One dose prevents pulmonary hypertension after weaning from inhaled nitric oxide

WEDNESDAY, Nov. 1 (HealthDay News) -- Single-dose, prophylactic sildenafil prevents rebound pulmonary arterial hypertension in children after weaning from inhaled nitric oxide, and decreases mechanical ventilation duration, according to research published in the November issue of the American Journal of Respiratory and Critical Care Medicine.

Poongundran Namachivayam, M.R.C.P.C.H., of The Royal Children's Hospital in Melbourne, Australia, and colleagues examined sildenafil in preventing rebound (defined as a 20 percent or more pulmonary arterial pressure rise or failure to stop nitric oxide). The researchers evaluated data from 29 ventilated infants and children randomized to 0.4 mg/kg of sildenafil or placebo.

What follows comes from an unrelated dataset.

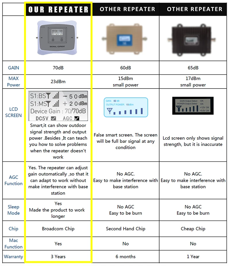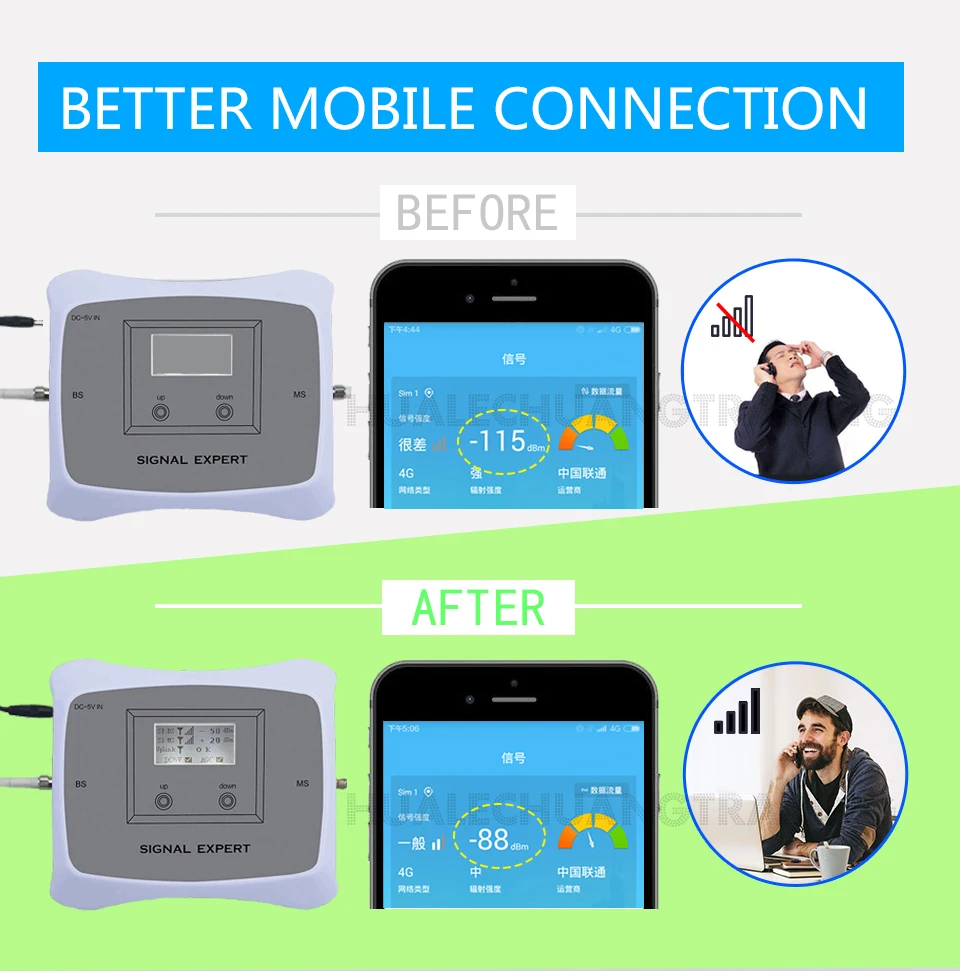 1. Улучшите голос и 2G 3G 4G интернет. 2. Умный ЖК-дисплей, показывает силу сигнала в реальном времени. 3. С функцией ALC/AGC Можно контролировать усиление автоматически. Избегайте помех базовой станции 4.(полоса 5) 850 МГц-частота подключения: 824-849 МГц/частота нисходящего канала: 869-894 МГц (Полоса 4) 1700 МГц -- частота подключения: 1710-1755 МГц/частота нисходящего канала: 2110-2155 МГц 5. Простая установка. 6. Тип разъема: SMA-female. 7. Режим сна. Интеллектуальная энергосбережение.

None of 15 treated patients had rebound, while 10 of 14 placebo patients did. Pressure rose 25 percent in placebo and 1 percent in treated patients. All treated patients were weaned from nitric oxide, but severe cardiovascular instability prevented weaning of four placebo patients. Placebo patients were ventilated for a mean of 98 hours while treated patients were ventilated for 28.2 hours.

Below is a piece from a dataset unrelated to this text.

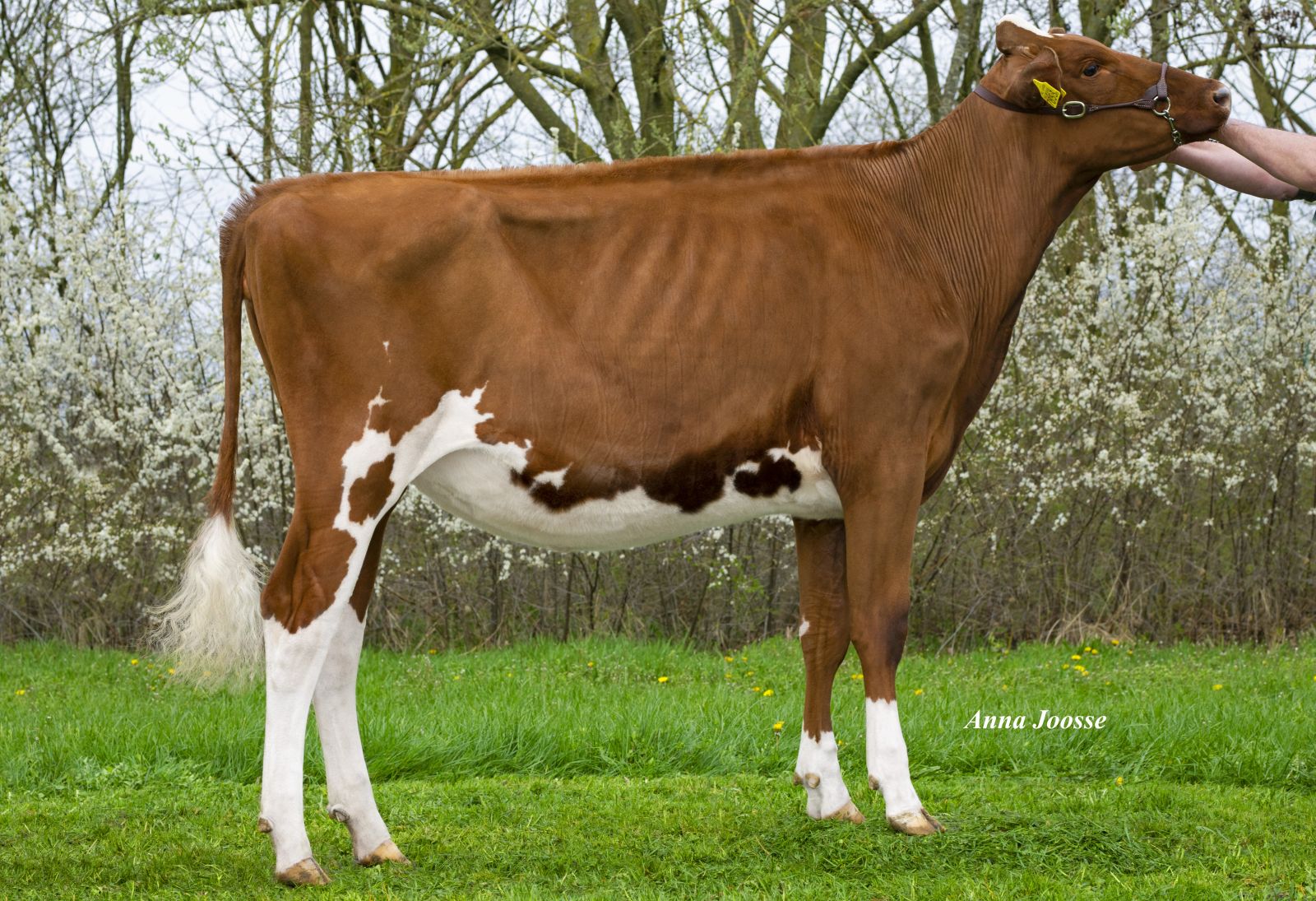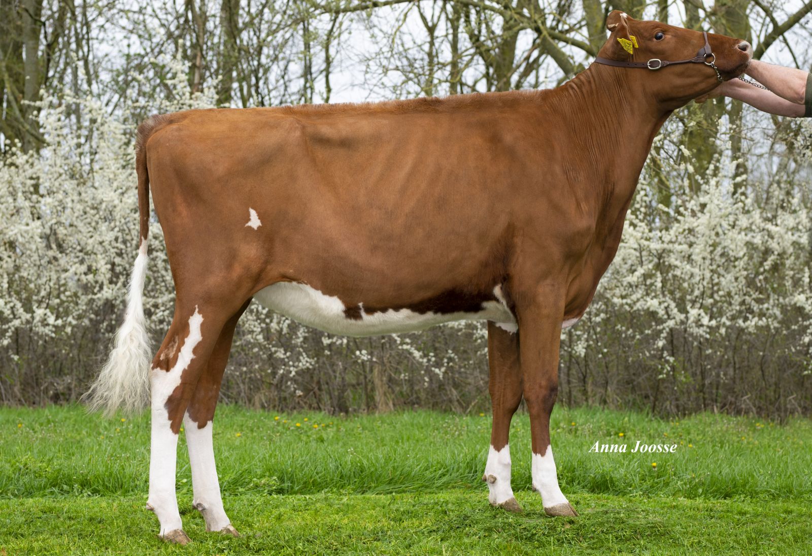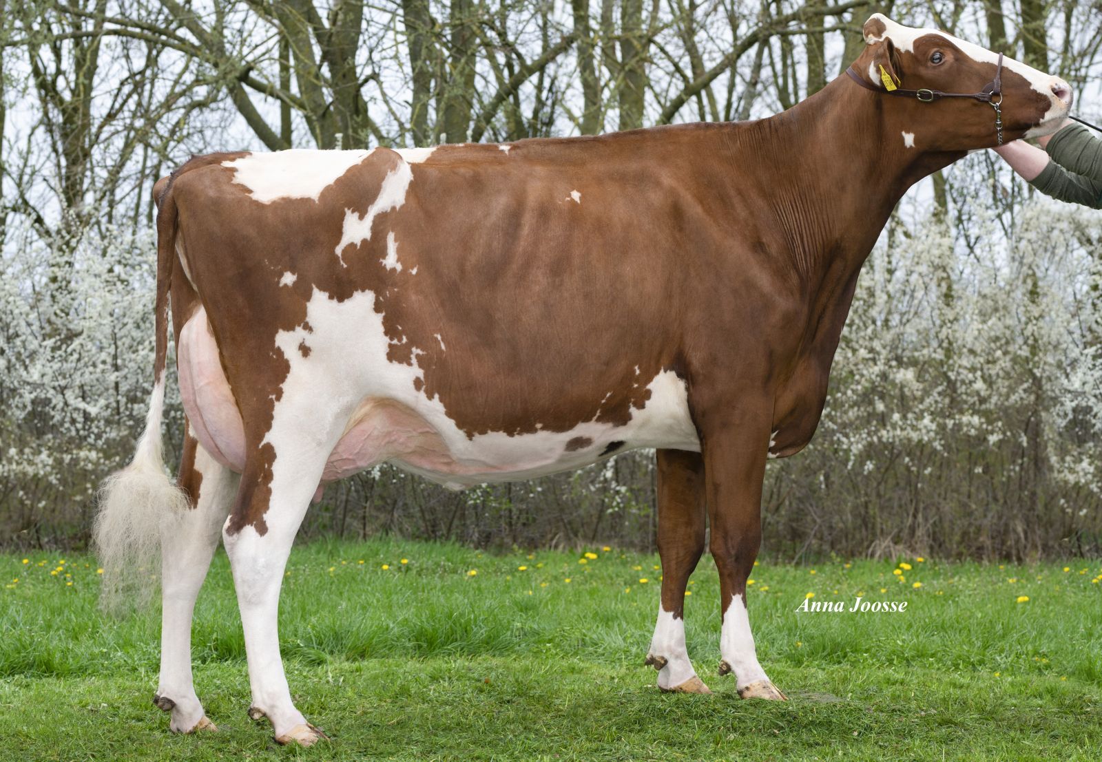 She belongs to one of the best R&W's at Batouwe Holsteins & Roubos Holsteins: ViG My Love-Red. This stunning Redneck daughter is a grand daughter to the EX-92 Joyboy and 2nd place DHV-Show 2017: RH Maibrit. This family traces back to RH Meggilee EX-91-DE, the dam to the R&W cow with the longest victory streak in Germany: RH Talent Maxima EX-94-DE EX-95-MS. My Love is scored with VG-86 as a 2-Yr Old with VG-89 for her Mammary System and has an impressive group of Warrior-Red daughters which already showing us the potential!

"A single dose of enteral sildenafil effectively prevented the development of rebound pulmonary hypertension in infants and children after withdrawal of inhaled nitric oxide, and reduced the subsequent duration of mechanical ventilation. The prophylactic administration of sildenafil should be considered when weaning infants and children from inhaled nitric oxide," the authors conclude.